Answer
The x-intercepts are $(-5+\sqrt{27},0)$ and $(-5-\sqrt{27},0)$
Work Step by Step
$ f(x)=x^{2}+10x-2\qquad$..an x-intercept is a point in the graph where the function intercepts the $\mathrm{x}$ axis.
If a function intercepts the $x$ axis, $f(x)=0$.
Substitute $0$ for $f(x)$ in the given function.
$ 0=x^{2}+10x-2\qquad$..add $2$ to both sides so we can complete the square.

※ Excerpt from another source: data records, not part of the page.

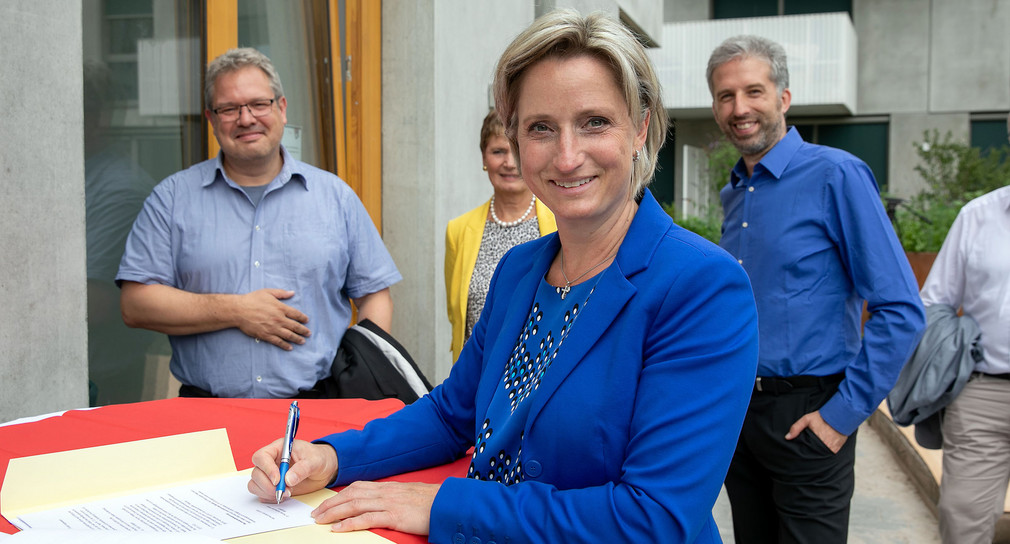 Als weiteren Baustein innerhalb der Wohnraumoffensive unterstützt das Wirtschaftsministerium im Rahmen von „Innovativ Wohnen BW“ zudem außergewöhnliche, modellhafte Projekte des innovativen bezahlbaren Wohnungsbaus. „Dabei kommt es uns vor allem darauf an, ganz konkrete beispielgebende Ansätze für übertragbare und zukunftsfähige Ideen im Land zu kommunizieren. So wollen wir neue Impulse für Innovationen im Planen und Bauen setzen“, hob die Ministerin hervor. „Ich freue mich, der Stadt Tübingen heute den ersten Förderbescheid von Innovativ Wohnen BW zu überreichen. Mit der Gründung der Dachgenossenschaft Wohnen Tübingen verfolgt die Stadt einen beispielhaft couragierten und sozialen Ansatz“, so die Ministerin.
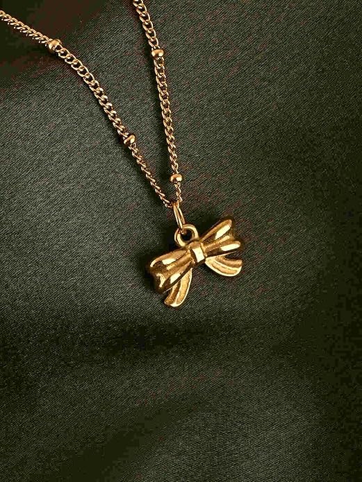 PALMONAS Gilded Bow Necklace for Women - Jewellery Gift for Girls & Women | Waterproof & Anti-Tarnish Bow Pendant Chain, Stylish & Trendy Necklaces for Ladies
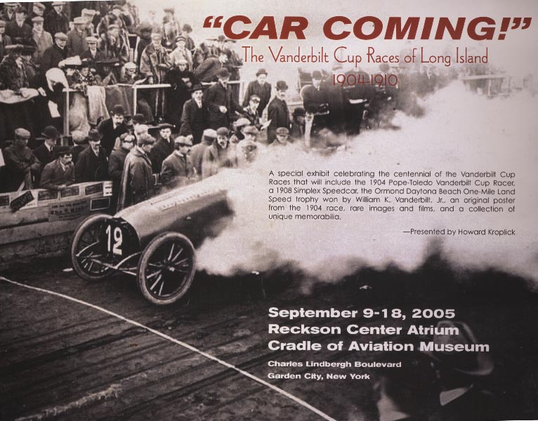 As part of the 2005 Vanderbilt Cup Race Centennial Celebration, I developed an exhibit "Car Coming: The Vanderbilt Cup Races of Long Island" at the Cradle of Aviation in East Garden City

$ 2=x^{2}+10x\qquad$..add $25$ to both sides to complete the square ($\displaystyle \frac{1}{2}(10)=5$, and $(5)^{2}=25$.)
$ x^{2}+10x+25=2+25\qquad$...simplify by applying
the Perfect square formula ($(x+a)^{2}=x^{2}+2ax+a^{2}$) and adding like terms.
$(x+5)^{2}=27$
According to the general principle of square roots:
For any real number $k$ and any algebraic expression $x$ :
$\text{If }x^{2}=k,\text{ then }x=\sqrt{k}\text{ or }x=-\sqrt{k}$.
$ x+5=\pm\sqrt{27}\qquad$...add $-5$ to each side.
$ x+5-5=\pm\sqrt{27}-5\qquad$...simplify.
$x=-5\pm\sqrt{27}$
$x=-5+\sqrt{27}$ or $x=-5-\sqrt{27}$